Gilles commented on MATH-817:
-----------------------------

Quite a few remarks, in no particular order.

In "MultivariateNormalMixtureExpectationMaximizationFitter", wouldn't it be possible to pass the distributions as arguments to the constructor (similar to what was eventually done for "MixtureMultivariateRealDistribution")?

"(Math)Arrays.copyOf" is preferred over "System.arraycopy".

"equals" in "MultivariateNormalDistribution":
* Unneeded checks (means and covariance matrix arrays cannot be null)
* Comparing entries of the sampling matrix is perhaps enough to establish the equivalence relation (?)

Why all the
{noformat}
@SuppressWarnings("unused")
{noformat}
in "MultivariateNormalMixtureExpectationMaximizationFitterTest"?

"MathArrays.copyOf" is preferred over "System.arraycopy".

It would be better to use "RealVector" and "RealMatrix" objects (in place of 1D and 2D arrays) whenever appropriate. Their methods can make the code tighter (e.g. avoiding many explicit loops).

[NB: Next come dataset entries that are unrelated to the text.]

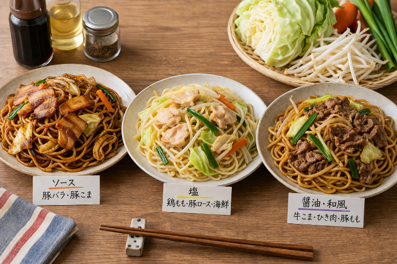 同じ焼きそばでも、お肉が変わるだけで「香ばしさ」や「満足感」がふわっと変わります。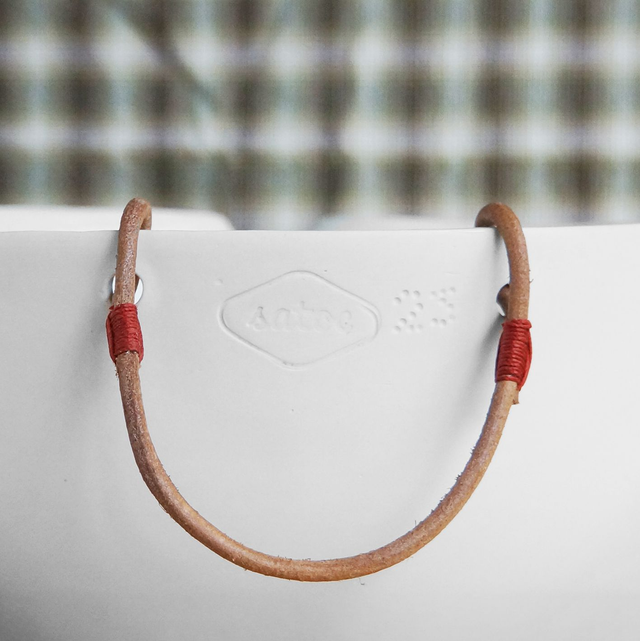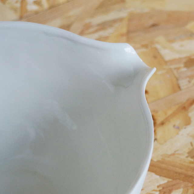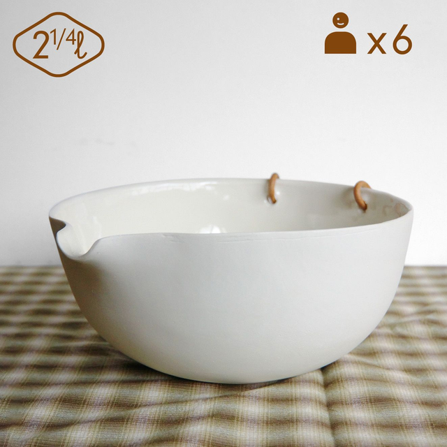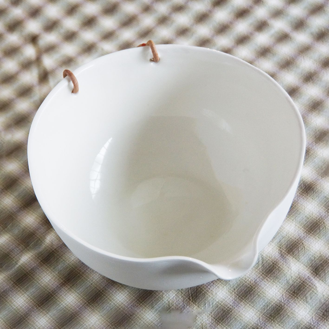 Porcelaine coulée, émail (interne), anse en cuir
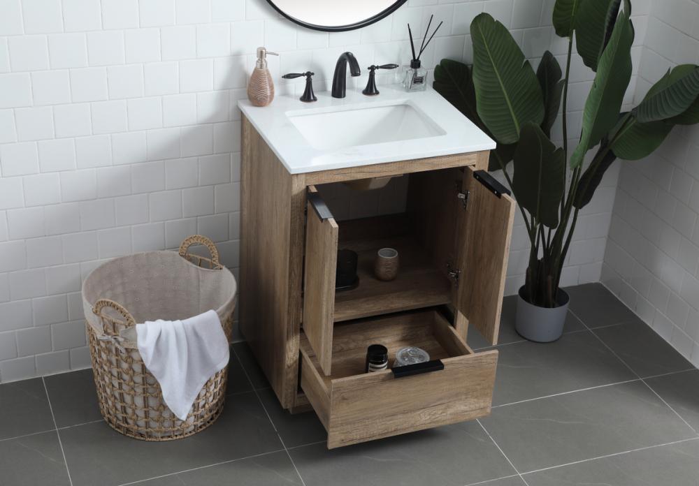 Compact yet impactful, our vanity, measuring 24 inches long, is designed to optimize space without compromising on style, making it the perfect addition for smaller bathrooms or as a stylish accent in any space.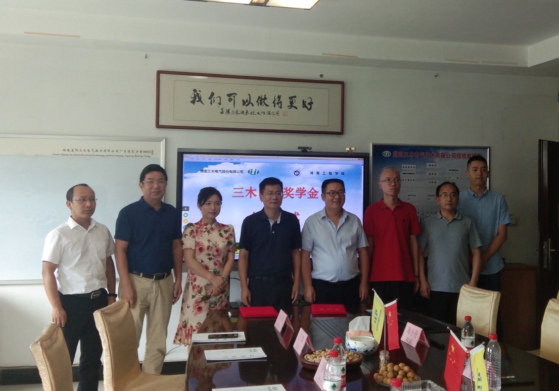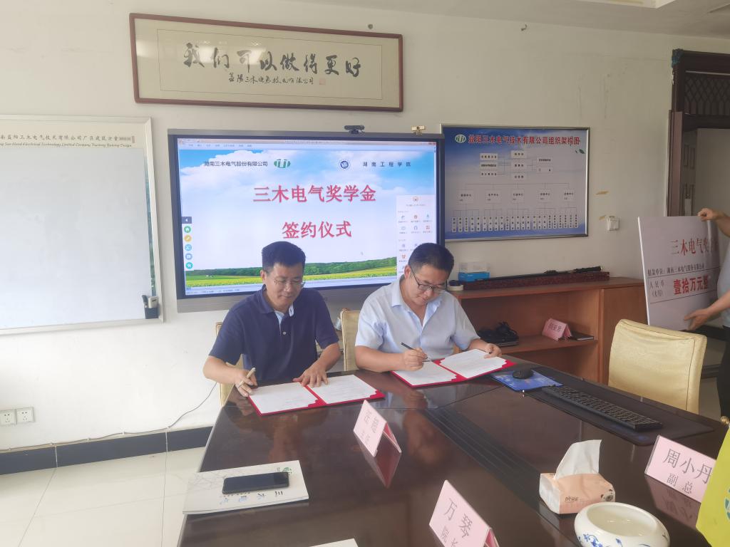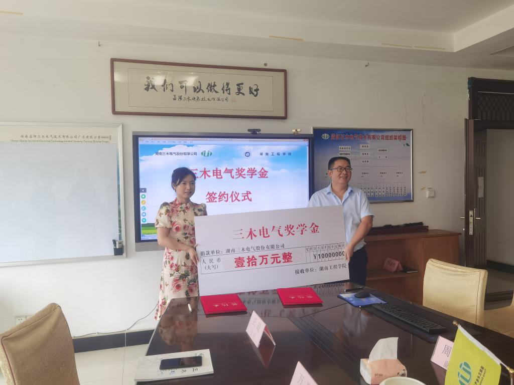 为激励学生勤奋学习、刻苦钻研、献身科技事业,湖南三木电气股份有限公司向湖南工程学院捐赠10万元,设立“三木电气奖学金”,定向用于奖励国产欧美一区二区各专业品学兼优学生。9月11日上午,捐赠签约仪式在湖南三木电气股份有限公司举行,校长易兵,国产欧美一区二区领导班子一行参加捐赠仪式。
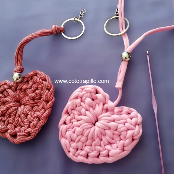 Se acerca San Valentín nos preparamos tejiendo unos lindos llaveros con forma de corazón y de estilo Boho

At first sight, I don't think that defining "equals" and "hashCode" should be mandatory (i.e. those methods should not be declared in the abstract base class).

There is some odd code formatting.

Why two RNG? Wouldn't be clearer to define a list of "NormalDistribution" objects from which to sample (instead of using "nextGaussian")?

Documentation is missing for the "@param" and "@return" tags.

The "stillFitting" flag could be avoided by using a label on the outer loop (in method "fit").

"catch (Exception e)" is annoying.

I wonder whether the class would be more flexible if the "data" is not passed to the constructor: the "fit" method could be "public" and would return the fitted mixture.

Mixing data with different meanings in the same array is not a good idea:
{code}
final double[][] unsortedData = new double[data.length][numDataColumns + 1];
{code}
(where the entry at index "numDataColumns" will contain the mean of the values at index 0 .. numDataColumns - 1). If you want to associate different data, put them in a dedicated class e.g.:
{code}
private static class DataRow implements Comparable<DataRow> {
  private double[] row;
  private Double mean;

  DataRow(double[] data) {
    // Store reference.
    row = data;
    // Compute mean.
    mean = ... ;
  }

  public int compareTo(DataRow other) {
    return mean.compareTo(other.mean);
  }
}
{code}
Then, the above line would become:
{code}
final DataRow[] unsortedData = new DataRow[data.length];
{code}
and you can use "Arrays.sort" without specifying a "Comparator" and without copying data back and forth.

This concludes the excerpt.